## Action item
Print, from the listing below, the lines starting at the line containing "產品描述:60cm鋁合金自拍" and ending at the line containing "El presidente de", exactly as they stand, and print nothing else.

## Supplied information
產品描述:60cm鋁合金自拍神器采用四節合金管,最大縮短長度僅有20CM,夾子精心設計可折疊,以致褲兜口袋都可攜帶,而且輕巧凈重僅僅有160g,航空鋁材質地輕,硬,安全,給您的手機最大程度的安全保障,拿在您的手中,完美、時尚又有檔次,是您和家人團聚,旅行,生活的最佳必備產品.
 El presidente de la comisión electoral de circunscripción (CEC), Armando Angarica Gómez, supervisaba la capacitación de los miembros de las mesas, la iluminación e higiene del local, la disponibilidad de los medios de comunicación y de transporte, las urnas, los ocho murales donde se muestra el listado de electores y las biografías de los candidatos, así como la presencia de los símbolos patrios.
--
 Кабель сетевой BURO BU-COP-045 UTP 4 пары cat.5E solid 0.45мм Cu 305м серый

## Problem solution
產品描述:60cm鋁合金自拍神器采用四節合金管,最大縮短長度僅有20CM,夾子精心設計可折疊,以致褲兜口袋都可攜帶,而且輕巧凈重僅僅有160g,航空鋁材質地輕,硬,安全,給您的手機最大程度的安全保障,拿在您的手中,完美、時尚又有檔次,是您和家人團聚,旅行,生活的最佳必備產品.
 El presidente de la comisión electoral de circunscripción (CEC), Armando Angarica Gómez, supervisaba la capacitación de los miembros de las mesas, la iluminación e higiene del local, la disponibilidad de los medios de comunicación y de transporte, las urnas, los ocho murales donde se muestra el listado de electores y las biografías de los candidatos, así como la presencia de los símbolos patrios.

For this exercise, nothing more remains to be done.